Dataset content Block Start

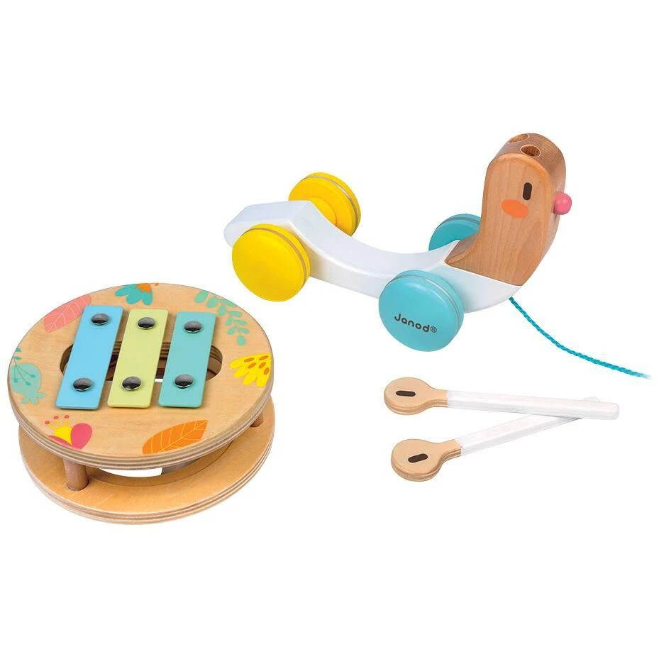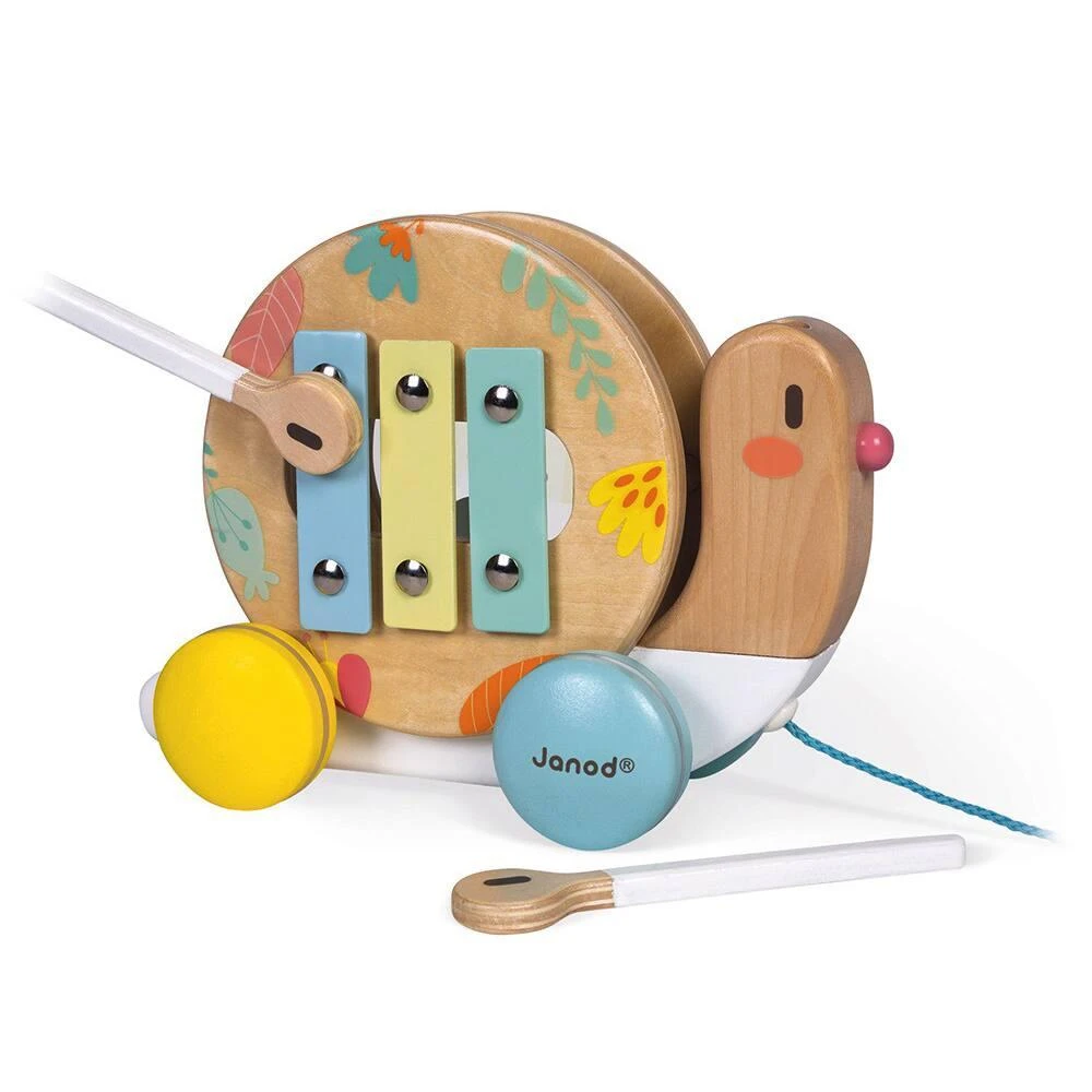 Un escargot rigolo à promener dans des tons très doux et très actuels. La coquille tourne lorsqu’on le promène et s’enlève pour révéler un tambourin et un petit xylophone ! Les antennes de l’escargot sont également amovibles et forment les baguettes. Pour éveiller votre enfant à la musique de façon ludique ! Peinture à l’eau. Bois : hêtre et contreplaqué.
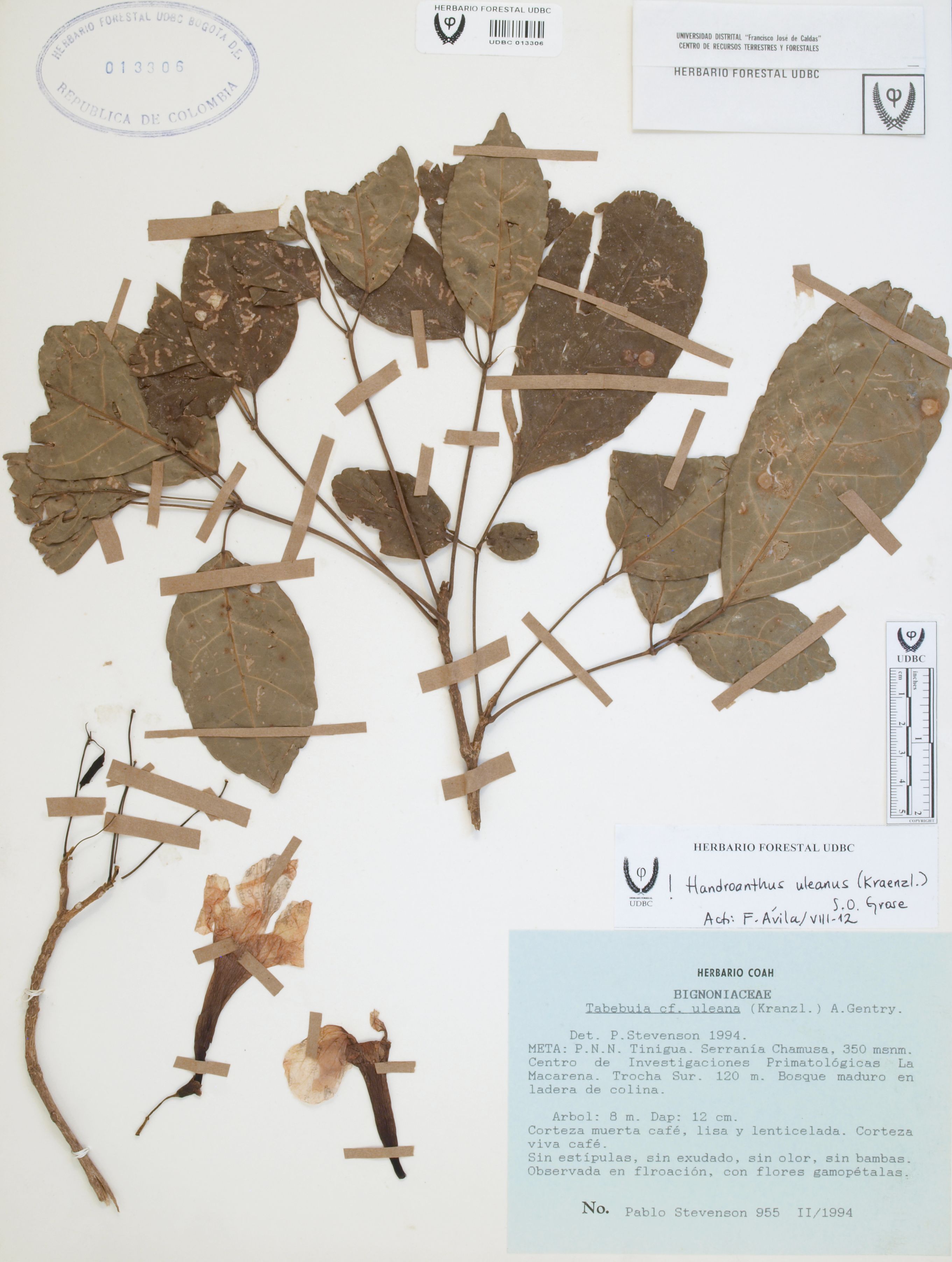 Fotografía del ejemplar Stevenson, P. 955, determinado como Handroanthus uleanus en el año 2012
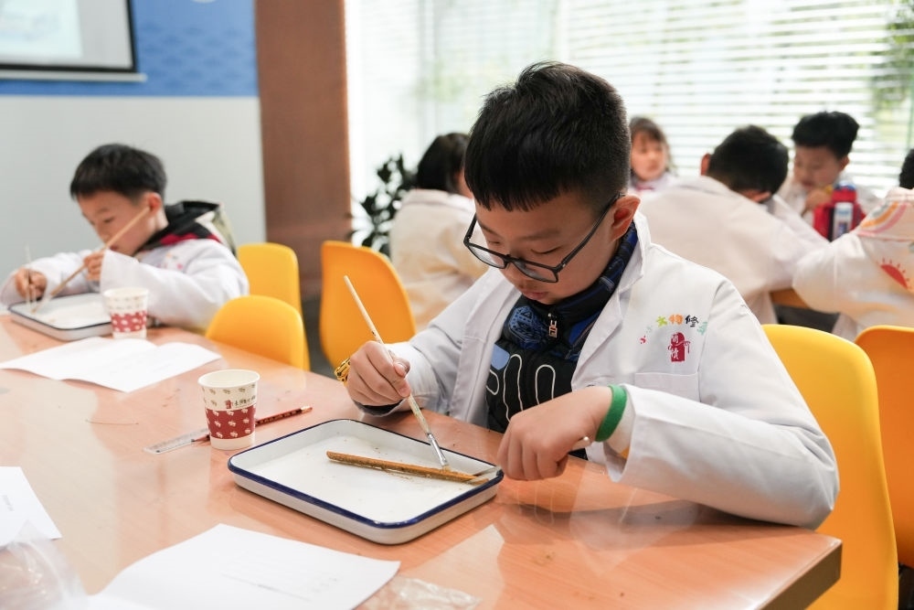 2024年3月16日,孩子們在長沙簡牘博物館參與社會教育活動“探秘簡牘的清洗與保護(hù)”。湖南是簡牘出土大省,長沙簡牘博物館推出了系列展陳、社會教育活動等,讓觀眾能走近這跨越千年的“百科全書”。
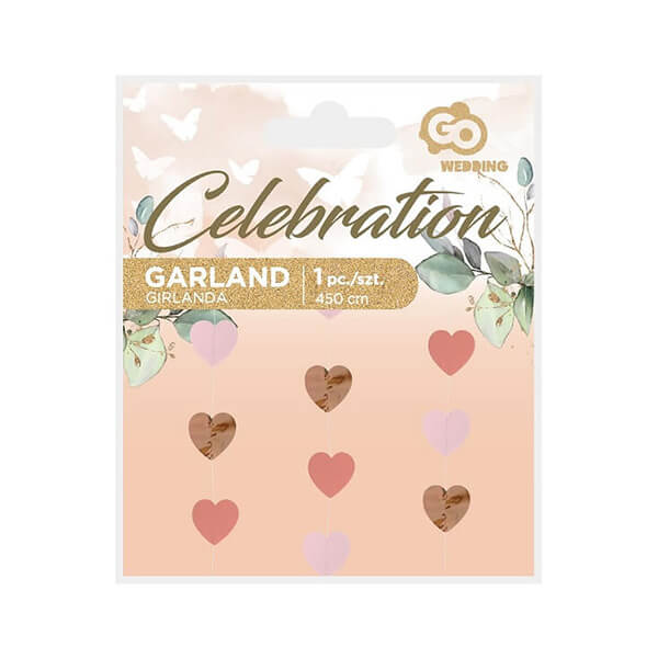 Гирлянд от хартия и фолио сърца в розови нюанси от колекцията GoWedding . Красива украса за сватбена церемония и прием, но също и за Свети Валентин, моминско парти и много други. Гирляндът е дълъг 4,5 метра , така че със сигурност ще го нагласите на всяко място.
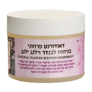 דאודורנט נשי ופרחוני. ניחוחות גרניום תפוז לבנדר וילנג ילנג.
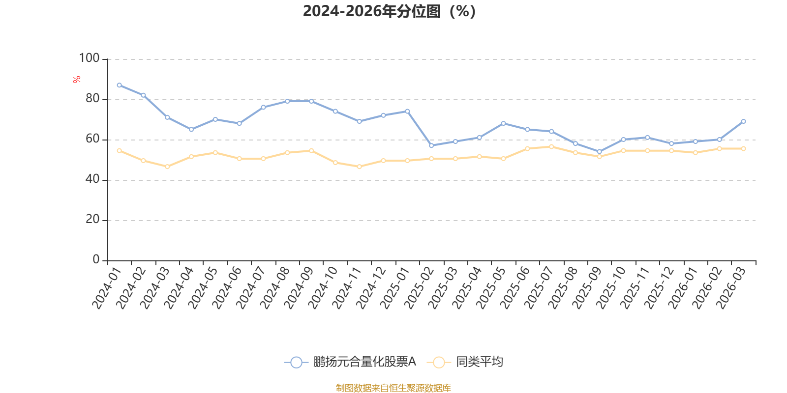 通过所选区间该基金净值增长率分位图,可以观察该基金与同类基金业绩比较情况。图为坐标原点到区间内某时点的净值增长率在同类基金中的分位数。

Dataset content Block End

Brief:
Reprint the entries above exactly, images removed.

Written solution:
 Un escargot rigolo à promener dans des tons très doux et très actuels. La coquille tourne lorsqu’on le promène et s’enlève pour révéler un tambourin et un petit xylophone ! Les antennes de l’escargot sont également amovibles et forment les baguettes. Pour éveiller votre enfant à la musique de façon ludique ! Peinture à l’eau. Bois : hêtre et contreplaqué.
 Fotografía del ejemplar Stevenson, P. 955, determinado como Handroanthus uleanus en el año 2012
 2024年3月16日,孩子們在長沙簡牘博物館參與社會教育活動“探秘簡牘的清洗與保護(hù)”。湖南是簡牘出土大省,長沙簡牘博物館推出了系列展陳、社會教育活動等,讓觀眾能走近這跨越千年的“百科全書”。
 Гирлянд от хартия и фолио сърца в розови нюанси от колекцията GoWedding . Красива украса за сватбена церемония и прием, но също и за Свети Валентин, моминско парти и много други. Гирляндът е дълъг 4,5 метра , така че със сигурност ще го нагласите на всяко място.
 דאודורנט נשי ופרחוני. ניחוחות גרניום תפוז לבנדר וילנג ילנג.
 通过所选区间该基金净值增长率分位图,可以观察该基金与同类基金业绩比较情况。图为坐标原点到区间内某时点的净值增长率在同类基金中的分位数。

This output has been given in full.